ANALYSIS (CONTD) In the best case, the algorithm complexity reduces to O (1) for every memory unit. This implies that the algorithm can terminate in only one comparison. The best case occurs when the lookup procedure matches the first entry in the routing table. With the 50 ns DRAM, the first read is done in 50 clock cycles. 1GHZ clock rate (=1 ns clock), the read operation takes 50ns. Thus the throughput for one memory unit will be 1/50ns = 20Mpackets/second giving a throughput of 20 x 8 x 32 = 5.12 Gbps for the whole system. Thus with parallel processing, the work load i.e. IP lookup is now shared between eight different processors as opposed to shared memory systems have single global memory which is accessed by all processors. When many processors are making simultaneous requests to a single memory location or bank, and memory access becomes a bottleneck, access times can increase greatly. Because of limitations on processor to memory bandwidth, performance suffers when too many of these processes attempt to access the same memory location simultaneously. For this reason, this design employed parallel physical memory layout to ensure that the memory system can handle as many simultaneous requests as possible. Different processors are assigned different memory units so that the lookup process can take place in separate units concurrently.

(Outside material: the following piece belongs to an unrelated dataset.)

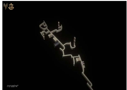
Right: Sketch of the Hezbollah tunnel network beneath the Beaufort Ridge. Left: Hezbollah operatives inside the complex

CONCLUSION In this design the major bottleneck in high speed packet forwarding, routing table lookup has been analysed. A simple parallel algorithm has been proposed that can speed up the lookup process hence improve the router throughput. The algorithm has been analysed in relation to a network simulated by packet tracer software. It has been shown that the router throughput has been significantly increased. Faster lookups imply higher router throughput (i.e. the rates that the packets are transferred for the input interface to the appropriate output interface measured in number of bits transferred per second). This is because routing table lookups take the largest share of the router resources, i.e. memory access time and processing speed, in the packet forwarding process. Thus speeding up the lookup process has a significant effect of improving the router throughput. RECOMMENDATIONS FOR FURTHER WORK In future this work can be extended by investigating other aspects of parallel processing. For instance the criterion to split the routing table entries to separate memory modules should be implemented in the routing processor. The routing table should also be implemented as a trie based structure as opposed to the access database used in this work. THANK YOU.